Тогда она заглянула в себя.
И увидела там уважение.
Уважение Жозефины Кортес к Жозефине Кортес.
Это было впервые в жизни.
И тогда она поняла: уважение не следует требовать от других, оно внутри тебя. А другие склоняются перед ним, потому что его ощущают. Или не склоняются. И это уже не важно.
Уважение-то остается, никуда не девается.
И тогда все становится очень просто и понятно. Тело наполняется жизнью, брюки сидят отлично, ноги взгромождаются на высокие каблуки, челка лежит как надо. Все наполняется смыслом и уверенностью в себе.
Счастье – это исключительно взаимоотношения себя с самой собой. Ты говоришь себе: я тебя люблю. Ты говоришь себе: ты потрясающая женщина. Ты добавляешь: для тебя нет невозможного.
Чего невозможного?
Да чего хочешь.
И у меня это получится?
Ну конечно. Никого не слушай.
Только так нужно разговаривать с собой, чтобы стать счастливой.
Это было прекрасное открытие.
Аполлинер-то оказался прав!
И радость пришла по совершенно невероятной случайности.
Однажды мадам Менессон принесла ей на подносе обед и, зайдя в номер, обнаружила ее лежащей ничком на кровати. Она прорычала: «Вам не надоело делать себя несчастной? Вы себе выдумали горе, теперь давайте выдумайте себе счастье. Для этого не нужно быть волшебницей! Просто смените пластинку, поставьте босанову вместо Мизерере».

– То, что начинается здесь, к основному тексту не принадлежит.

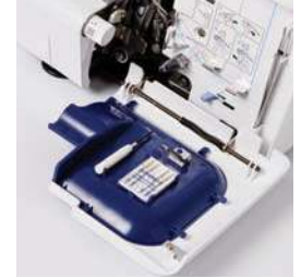
Built-in accessory storage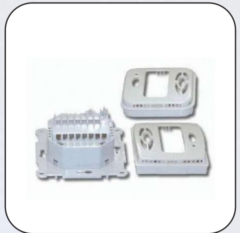
Plastic Electrical Parts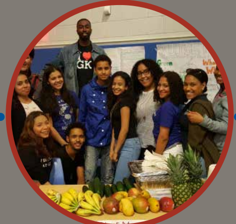
Global Kids organized a health fair at BSSWA.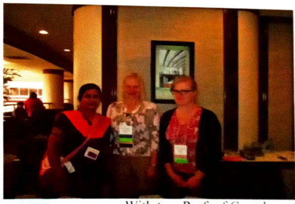
With two Prof. of Canada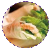
High-end Food Supply Chain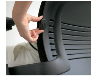
Adjustable Lumbar Fits the curve of your lower back for additional support.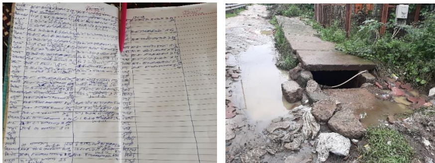
Figure 5: 1. Register maintained by private operator; 2. FS disposal at Ghitorni drainage line

The records are maintained in a common register by the private operator at the time of emptying service (KII-5, 2020; FGD-1, 2020). The GPS is installed by the owner of private vacuum tankers for tracking no. of trips and FS discharge at designated disposal points. However, the installed GPS is under process to be notified by DJB in order to restrict illegal disposal and better utilization of STP (KII-5, 2020). Emptying service is carried out by 2 workers and charges are varying from INR 600 to INR 2500 based on the containment size and service area (HH Surveys; KII-5, 2020; FGD-1, 2020). DJB has fixed the emptying charges at INR 1200/- but private operators charges on a higher side due to difficulty in accessing the narrow lanes (HH Surveys; KII-5, 2020; FGD-1, 2020). All the vehicles are licensed under DJB (KII-5, 2020).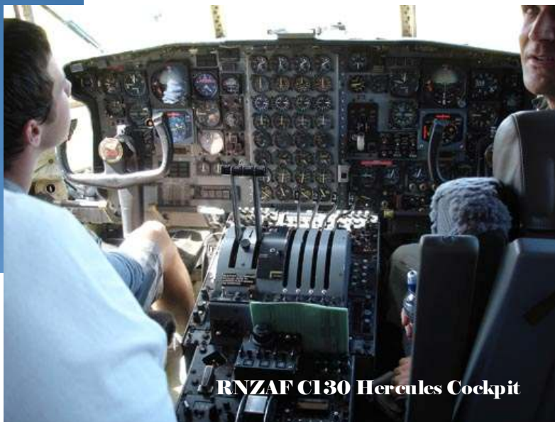
RNZAF C130 Hercules Cockpit

Waipukurau is a grass strip and 1055 meters in length so I was surprised to see the Citation Mustang there as I had only seen it operating on the seal. But I was even more surprised to see the RNZAF C130 Hercules arrive and land on the field and park up at the end so that every one could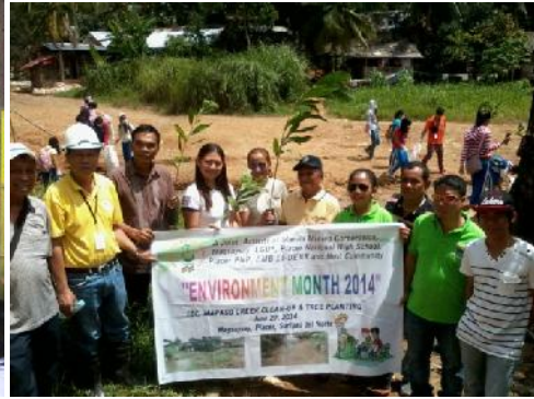
MMC on “Dengue Prevention” and Ecological Solid Waste Management IEC & Tree Planting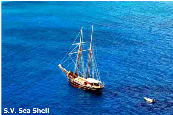
S.V. Sea Shell

Embarkation at the Inter-Island Quay at 1030hrs, followed by the Captain's welcome briefing. Depart Port Victoria at 1200hrs, sailing from Mahé to a late afternoon anchorage at Round Island, just off the isle of Praslin. In the evening, introduce yourself to Creole cuisine with a welcome barbecue dinner onboard.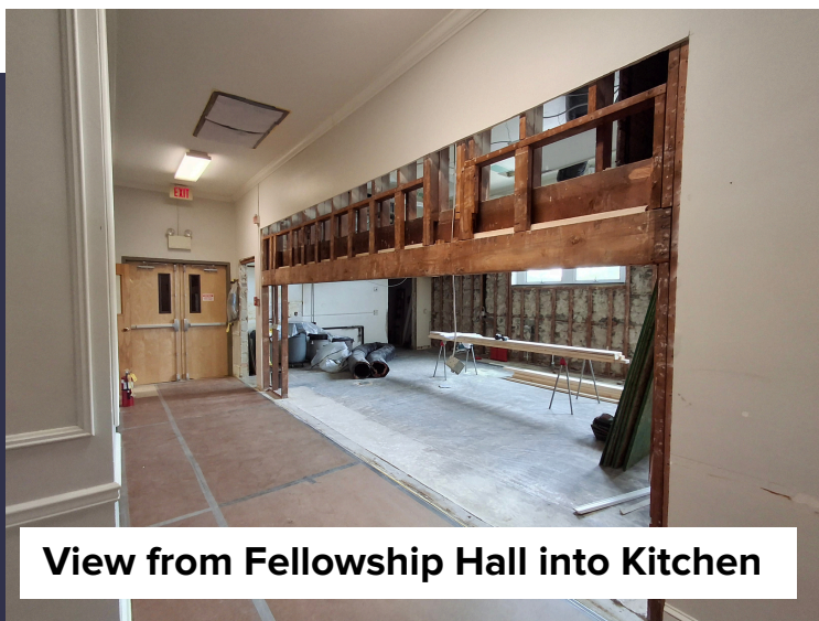
View from Fellowship Hall into Kitchen

Thank you for your patience and continued support as we create a kitchen that will serve our congregation and community more effectively for years to come. Stay tuned for more updates!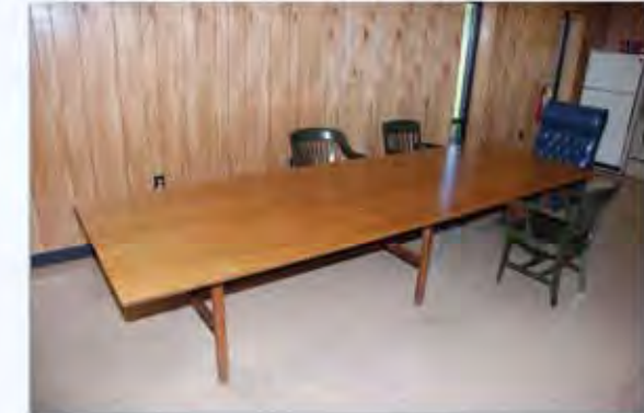
Conference Table And Other Furniture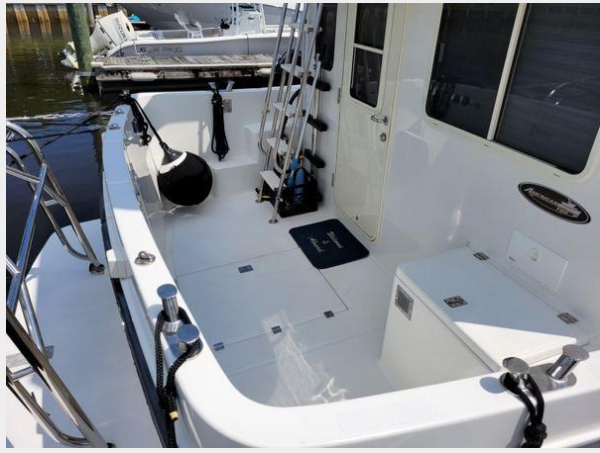
2003-american-tug-34-pilothouse- power-9426992- 20240613040801554-1_XLARGE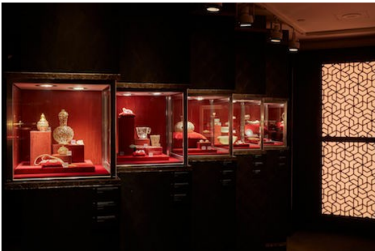
Christie's Maharajas & Mughal Magnificence auction objects will be on public display June 14-18 at 20 Rockefeller Plaza, New York, NY 10020, with the auction scheduled for June 19, 2019.

Video: Overview of Christie's Maharajas & Mughal Magnificence auction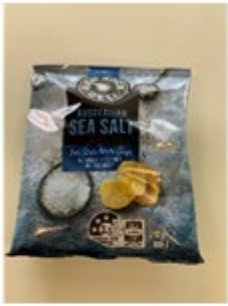
Sea Salt Chips - $1.50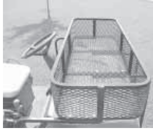
Front basket is used for carrying supplies and tools (above). He also mounted a twopiece receiver hitch on back of his Gator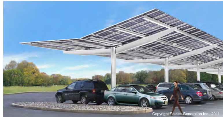
The Solaire 360 I+E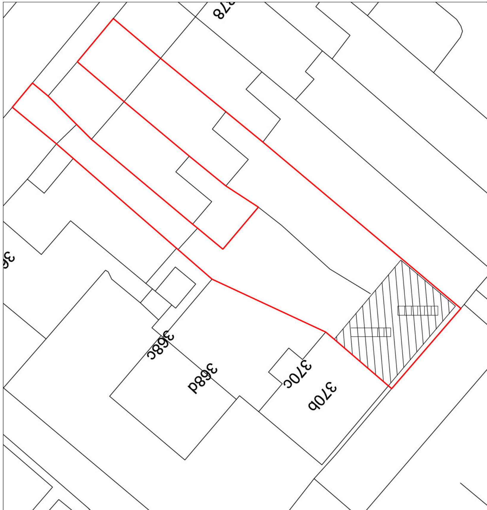
BLOCK PLAN 1:200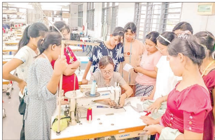
Trainees are pictured during a practical session.

Those who wish to attend the training can enrol through the contact numbers of MGHRDC at 09 940858350, 09 450723262, 09 9403912570, 09 784085794 and 09 952802635. — NN/KK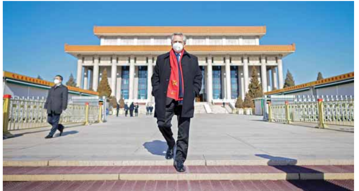
BEIJING: Argentine President Alberto Fernandez during his official visit in Beijing.

The statement was a vivid illustration of how Russia and China have forged closer ties in recent years as tensions rise with the West on a host of security issues, including the future of Ukraine and Taiwan. Twenty-one world leaders attended the Games, an event Beijing hopes will burnish its international image, but the sporting spectacle has been clouded by a Western diplomatic boycott over China's rights record. A majority of the leaders who came for the Games rule over non-democratic regimes, according to the Economist Intelligence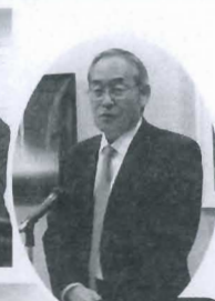
Greetings by Amb. Sakurai, 樺井大使もあいざつ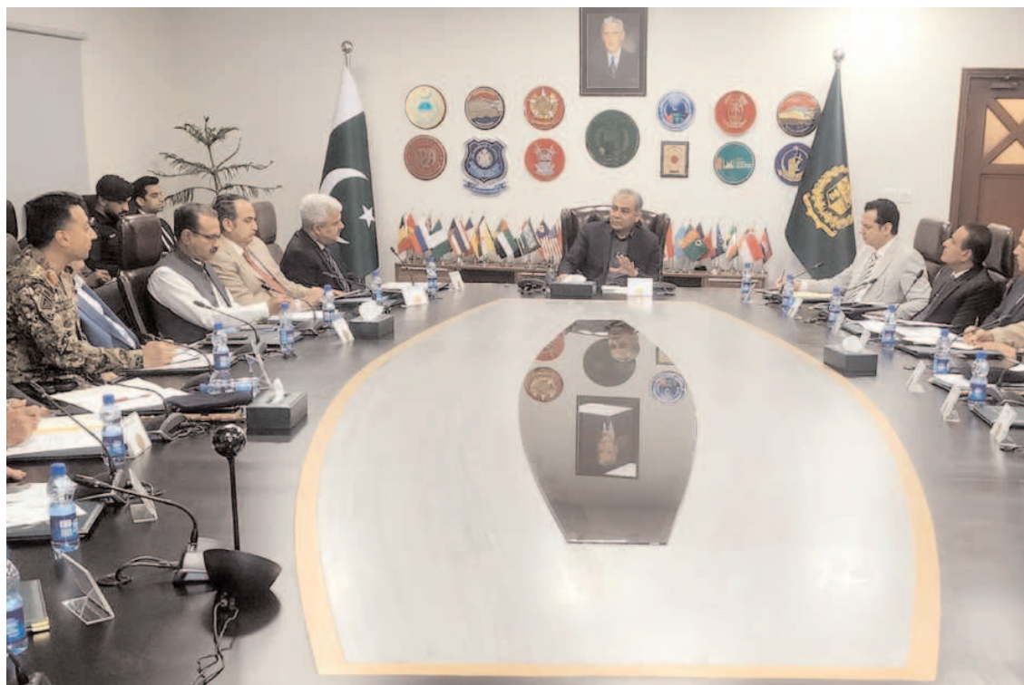
ISLAMABAD: Federal Minister for Interior Mohsin Naqvi chairing a coordination-focused meeting of all departmental heads.

Minister of State for Interior Talla Chaudhry, Secretary Interior, Additional Secretaries Interior, and heads of

И она ушла, добавив: «Потом скажете мне свое мнение о моем супе-пюре из тыквы! Я приготовила его специально для вас. И он со свежими сливочками прямо с фермы, которые принесла мне свекровь. Ее я тоже настроила на волну босановы, кстати». Жозефина села на постели.
В ее голове стучала поэма Аполлинера: «Ты должен помнить – печаль пройдет и снова радость придет, ты должен помнить – печаль пройдет и снова радость придет…» Она взяла блюдо, поставила его на колени. «Я попробую, я изобрету себе счастье. Поживем – увидим».
А какого цвета счастье?
Я не голодна, но обязательно попробую этот суп.
Суп показался Жозефине восхитительным.
Пошла к мадам Менессон, чтобы поблагодарить ее.
– А как чудесно там ощущается привкус эстрагона!
– О! Вы почувствовали, что я добавила эстрагон! Продолжайте в том же духе, вы на верном пути. Копите, копите положительные эмоции и вскоре почувствуете результат.
Дю Геклен смотрел на нее с беспокойным обожанием. Из дверей кухни донеслась босанова Карлоса Жобина, и он навострил уши.
Жозефина положила этот момент в копилку.
Перечитала новый курс лекций о письменности и книгопечатании. Безупречно. Ни убавить, ни прибавить.
И это в копилку.
Пошла погулять на площадь Белькур. Свет был оранжевым, нежным, таинственным, словно прожекторы в театре. Дю Геклен трусил впереди, изредка возвращаясь, чтобы проверить, что она идет следом. Влюбленные целовались на скамейках, молодой человек в черном костюме играл на скрипке. Она села на террасе кафе, заказала чашечку кофе и шарик домашнего шоколадного мороженого. Со взбитыми сливками и бельгийским печеньем «Русские сигареты».
Мимо прошел какой-то человек, пробормотал на ходу: «Прелестно, прелестно». Она улыбнулась ему.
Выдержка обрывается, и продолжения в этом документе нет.